A manufacturer shouldn’t simply push bags of pellets out the door. Every truck, every drum, and every lot number comes backed by a chain of people who test, check, and troubleshoot. Batch-to-batch uniformity keeps production lines humming. When a customer finds a new toy design won’t eject cleanly, or a barely visible streak turns up right before shipment, they call us straight. Solving these “last-mile” problems on color bleed, part release, or flexural creep benefits from our in-plant R&D—not just a few certificates in a file.
Working with everything from short-run custom toys to huge, automated lines, we see all the angles. For small teams making specialized items—tactile chewable beads, baby sensory toys—we help tune the softness, flow, and finish to unique molds. For global brands molding millions of parts monthly, our value comes from reliable, repeatable supply. We plan inventory and output so a sudden jump in global demand—maybe there’s a viral hit new toy—doesn’t leave racks empty or workers idle. Our real-world production experience shows up in specification tweaks: maybe a little more process oil for better softness, or reinforcing agents blended in for rugged, outdoor use.
Custom color matching is another skill we’ve honed. Children’s brands want bright, stable hues that won’t fade quickly or transfer between surfaces. We run batch tests for every major color family under simulated sunlight and humidity, checking for fading or leaching before the product hits store shelves. Even for translucent and glow-in-the-dark parts, our TPR delivers clarity and even dispersion—thanks to tight control over carrier resins and process temperatures.
The story of TPR for toys is ongoing. Each production run adds to our shared knowledge. We learn the impact of new automation, new color trends, and ever-rising safety standards. Our technical team meets at the line every day for pre-shift checks, troubleshooting any stray variables before they become downtime. Equipment upgrades happen with every leap in sensor technology—infrared moisture checkers, automated pellet sorters, and real-time viscosity meters.

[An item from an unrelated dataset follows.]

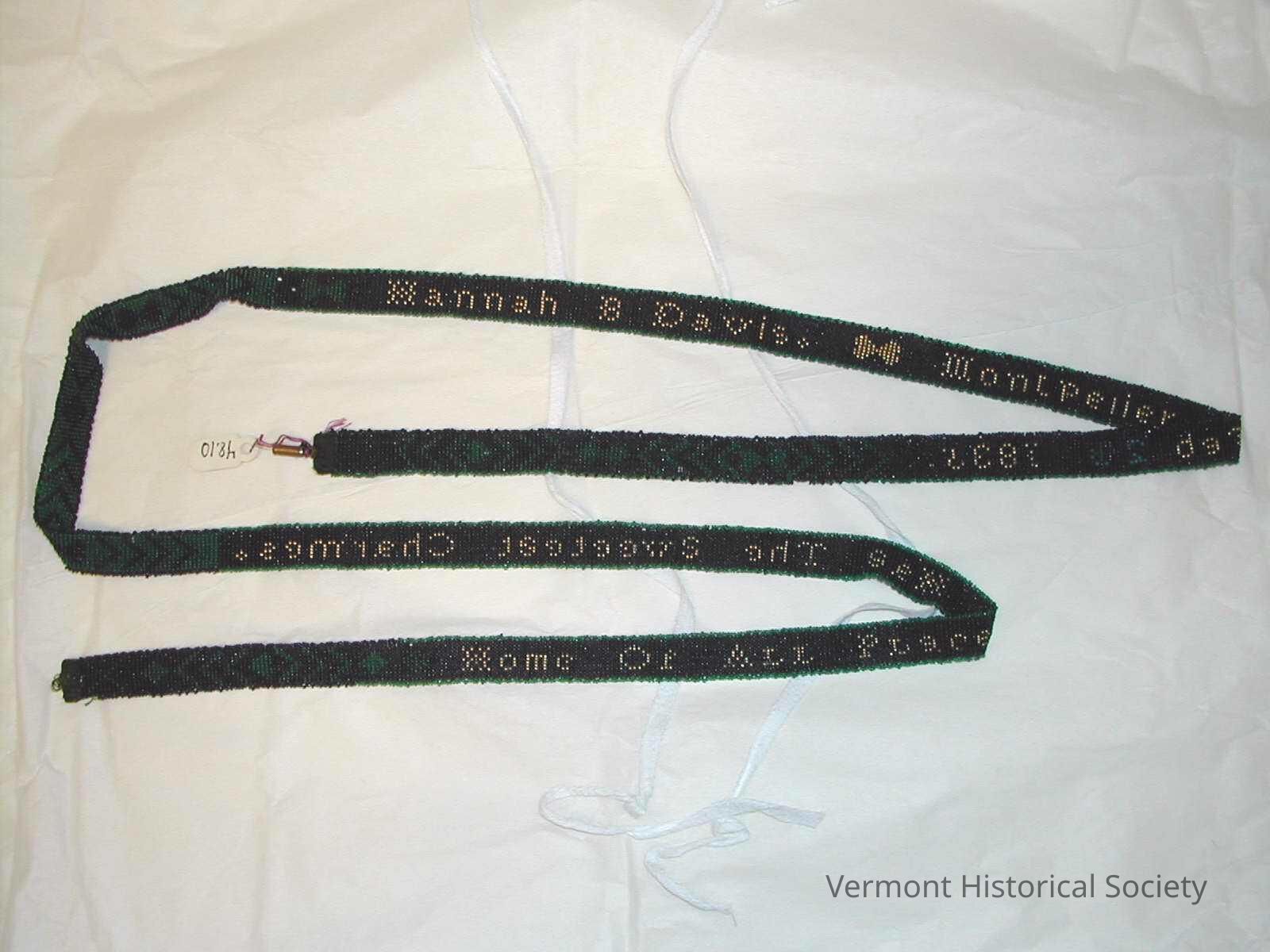 Loom-woven bead chain in blue and gold with the inscription, "Home of all places has the sweetest charmes. Hannah B. Davis, Montpelier, Feb. 24, 1835." There is a double heart after "Davis".Context

Mistakes happen; no process stands still. What matters is how quickly we respond—a batch showing less elasticity, a pigment running outside specs. We log the root cause, retrain operators, and follow up with customers. Review cycles tighten, new ideas spark on the plant floor, and every improvement pays forward into safer, better toys.
From the raw polymer right through final packaging, we treat TPR like a responsibility. Quality and safety come built in not through press releases but through every run plan, every test, every operator’s eye on the color and the sheen of the final pellet. We know which batches let new toy ideas take off—or fall short. Engineers and designers trust us with the “last step” between concept in a meeting room and the laughter of a child opening a new toy.
Our TPR pellets mean fewer late-night production calls, cleaner parting from tough molds, and happier inspection reports at the end of the line. We stand by the fact that good raw materials drive great toys—and great toys make great childhood memories. Watch a favorite ducky or action figure last years without cracking or losing appeal, and you see the real story behind what we make.